Thank you, José, this is well said and straight to the point.


----------



## Markus S (Jun 11, 2014)

ddplz @ Tue Jun 10 said:


> You misunderstood me. I'm not denying your right to charge money, however much you like, a billion dollars if you want, and that's your right. Are you denying that the buyers have the right to reject your offers?



I'm afraid you might be missing the point of the discussion at hand. First of all, no one is denying the right of anyone to set prices and to reject offers. However there comes a point where you cannot make a living doing music anymore if you are not going to charge a certain amount of money. 

You will not be able to buy new material and will not be able to pay sample developers or musicians and orchestras for their work. So this market goes down as well, bringing the (music) economy to it's knees in a race to the bottom. You might have noticed, if you are not living with your parents anymore, that prices have a tendency of rising aggressively these last years, while budget going drastically down.

The case is a great demonstration of what goes wrong. The composer has some really big credits and he is low balling me on a very reasonable budget (as José stated, it is low budget already). How is the upcoming film maker to see this?
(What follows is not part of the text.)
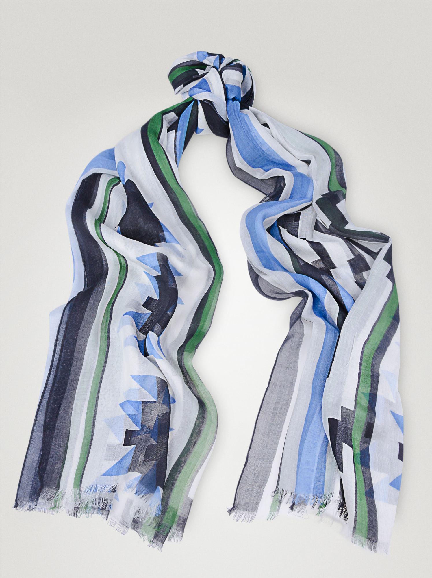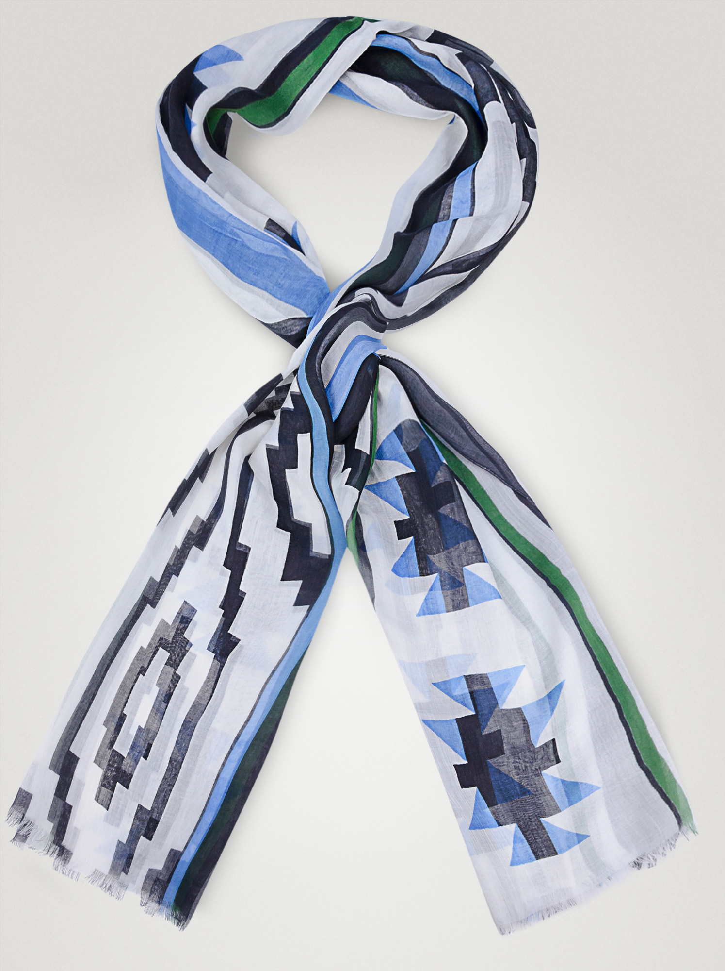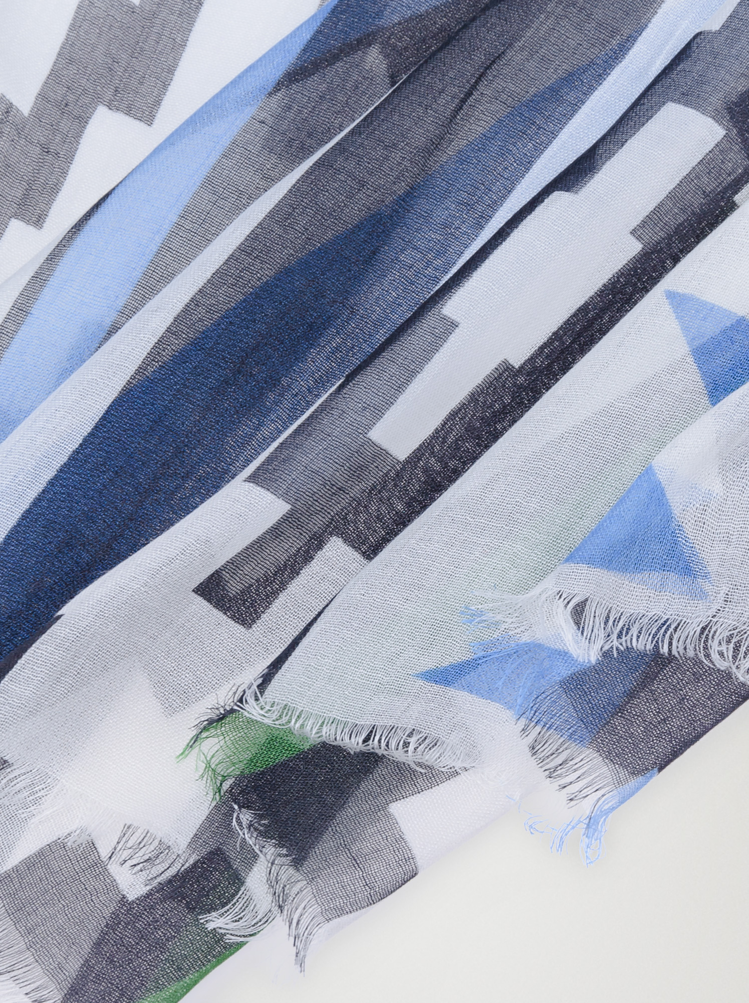 Duży i delikatny szal w kolorze białym ze wzorem geometrycznym. Szal transparentny wykończony małymi frędzlami oraz czarną lamówką. Idealnie sprawdzi się do codziennym kreacji. Wymiary: szerokość - 120 cm, długość - 200 cm

How comes this guy charges so and so, while this "big name composer" charges only.. They don't even know he is low balling, they think I'm out of my mind.

If he would have stated a good budget, and I would have stated a decent budget as well, they would have found the money and chosen based on music and maybe credits.


----------



## ddplz (Jun 11, 2014)

Markus S @ Wed Jun 11 said:


> ddplz @ Tue Jun 10 said:
> 
> 
> > EastWest Lurker @ Tue Jun 10 said:
> ...


I believe the effort you put into your music probably does make it worth more, but I still don't see where you get the figure "12k". You keep mentioning the bills you need to pay, but I don't see how that factor makes your offer a better deal for producers. You're sure 12k is a good deal for producers, though, and assuming you're right, you should have no problem finding other producers willing to pay 12k.


----------



## ddplz (Jun 11, 2014)

Markus S @ Wed Jun 11 said:


> there comes a point where you cannot make a living doing music anymore if you are not going to charge a certain amount of money.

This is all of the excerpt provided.